Study finds surprising ponderosa regrowth after severe wildfires

Study finds surprising ponderosa regrowth after severe wildfires

05 October 2017

published by http://azdailysun.com


USA: More than a decade ago in the midst of a string of severe drought years, the Pumpkin and Rodeo-Chediski fires whipped through a combined 484,000 acres of Arizona’s ponderosa pine forests. Large areas experienced complete or almost complete tree mortality.

But now, a team of Flagstaff and Colorado researchers has found some encouraging signs of ponderosa pine regrowth in those high-severity burns.
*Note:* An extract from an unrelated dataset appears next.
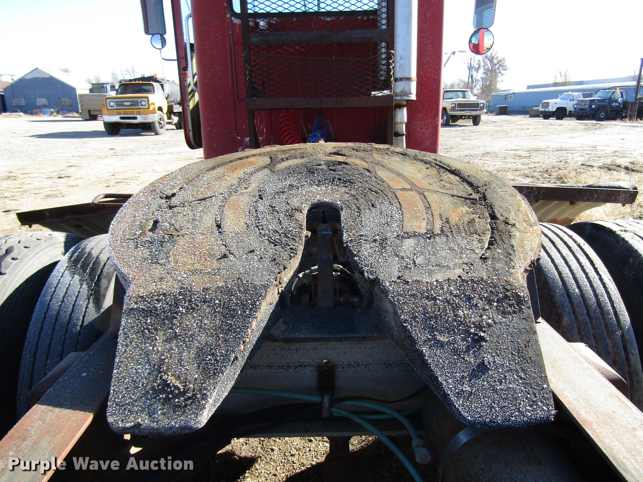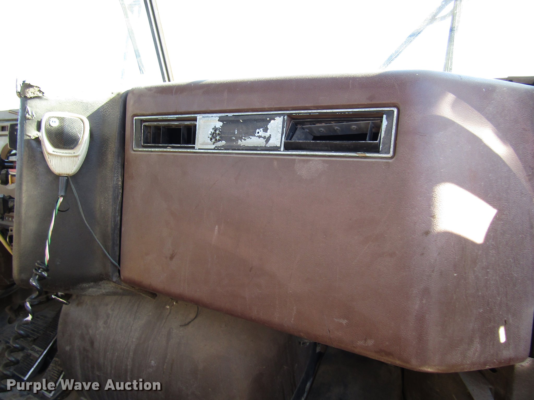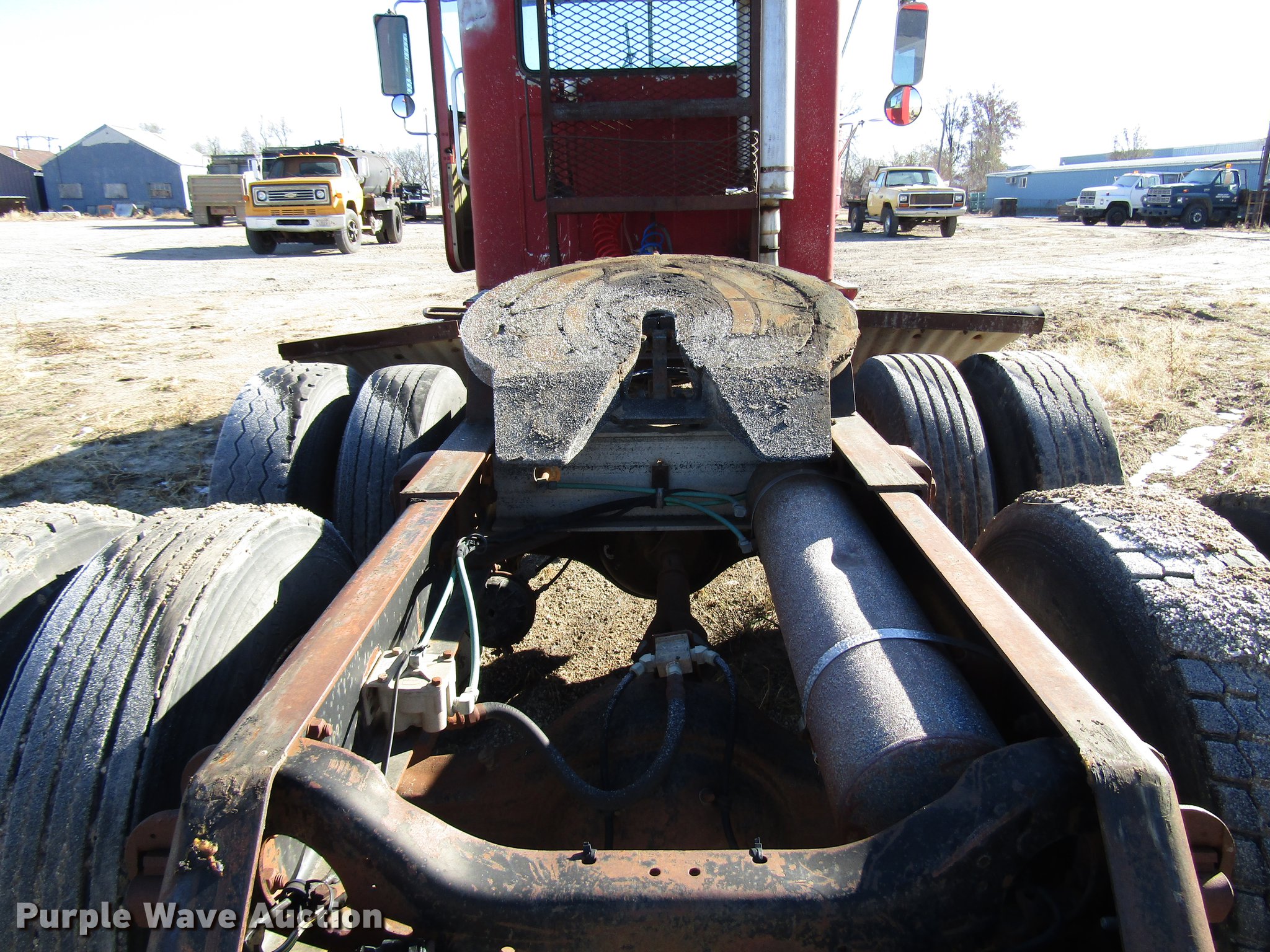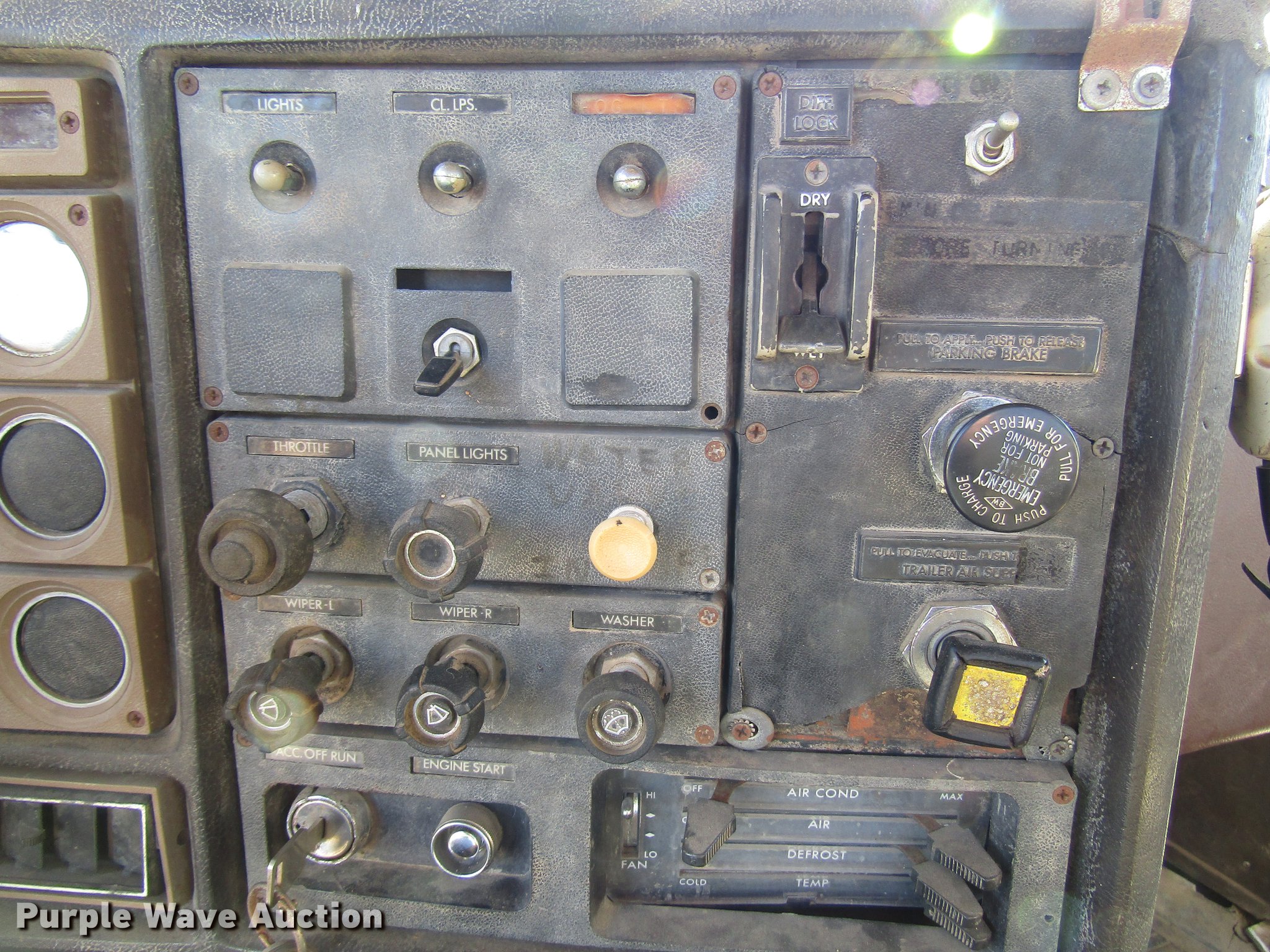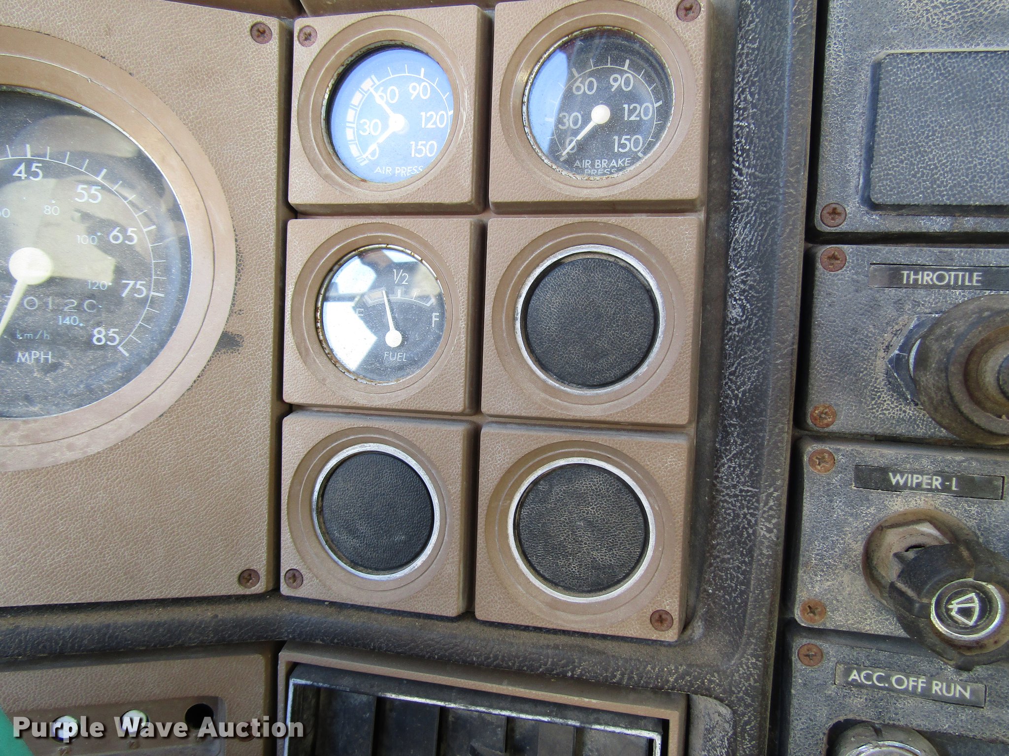 Purple Wave is selling a used Truck Tractor in Kansas. This item is a 1980 GMC General semi truck with the following: 530,120 miles on odometer, 1,565 hours on meter, Cummins NHC250 six cylinder diesel engine, Serial 11658445, Nine speed manual transmission, Tandem axle, Full differential lock, Heat, AM/FM, Air suspension seat, Block heater, Front tow hooks, Headache rack, Chain hanger, Single rear exhaust stack, Steel deck plate, Fixed fifth wheel plate, Single fuel tank, Quarter fenders, Spring suspension, Air brakes, 190" wheelbase, 11R22.5 tires, Rear end third member out
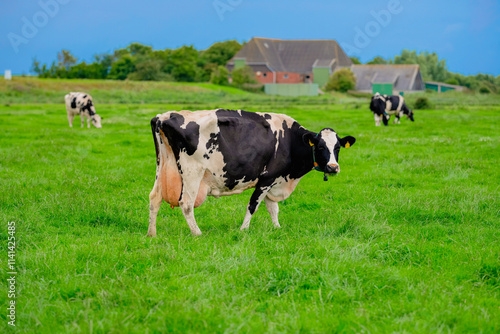 Domestic Farming. Grazing cows. Cows at field. Cow herd at green pasture. Countryside landscape and pasture for cows. Cow herd in the countryside. Cows on farmland.

Their paper, set to publish in December, recorded regeneration in all burned areas and also found evidence that the new trees may come back in lower densities than before and intermixed with more drought-resistant species, making the entire forest more resilient to climate change and wildfires in the future.

“I don’t think we can prevent all (high severity fires) so if they do occur I do think there is hope,” the paper’s lead author Suzanne Owen said in an interview.

The study focused on six 4-hectare plots per fire, all located in high severity burn patches that had experienced 100 percent tree mortality. Half the plots were located in the interior of the fire scar, and the other half were adjacent to live forest on the edges of the burn area. Owen recorded the location of every regenerating tree and collected data on its species type and height.

In the end, she said, the study resulted in several surprising findings.

NEW GROWTH

Ponderosa pine seeds spread mostly via wind, so seedlings usually establish within 100 meters of their parent trees, Owen said. In her fieldwork however, she found seedlings sprouting more than 300 meters from the nearest potential parent tree. That means regeneration was occurring not only near the edges of the burn area, but also in severely burned interior parts. How the seedlings got to where they are requires more research, but Owen said certain types of scatter-hoarding birds and really strong winds may be possible explanations.

GROUPS AND CLUMPS

The paper’s authors expected new ponderosa pine seedlings in the interior of the burn area to be rare and randomly distributed but Owen said she instead found a mix of single trees and groups of different-aged trees. If the trees survive, which is still far from guaranteed, that initial observation suggests they will reestablish in a pattern that emulates the forests’ diverse and less-dense historical structure, Owen said.

That structure would make the forest more resilient to increasing wildfires and a warmer, drier future climate compared to densely packed forests that preceded the wildfire, she said.

The fact that Owen also recorded different-aged trees regrowing in the burn areas indicates they are continuing to establish for several years following the fire.

That’s encouraging because there has been an assumption that there is a window of opportunity after a wildfire, but this and other studies show it might be more episodic, said Carolyn Sieg, a research ecologist at the Rocky Mountain Research Station. Seig is also Owen’s advisor and a co-author on the paper.

MIXED SPECIES

In Owen’s Rodeo-Chediski burn area study plots, new ponderosa seedlings were poking up in dense sections of resprouting oak and juniper trees just as easily as they were growing in places without competition from those species.

That suggests those sprouting species might not be limiting ponderosa pine regeneration, which is contrary to what a lot of people think, Owen and Sieg said.

The mixing of ponderosas with more drought-tolerant species like oak and juniper also could help the forest be more resilient to climate change than it was before the wildfire, the paper stated.

FUTURE MANAGEMENT

Sieg and Owen said they are hopeful their research will help land managers better approach landscapes affected by fire. The study shows, for example, that abundant oak and juniper regrowth doesn’t preclude ponderosa pine regeneration in the same area. It also suggests that it could be worth it for land managers to hold off on post-fire replanting to see what natural regeneration develops, they said.

“We think it might be interesting for managers to use a ‘wait and see’ approach,” Owen said.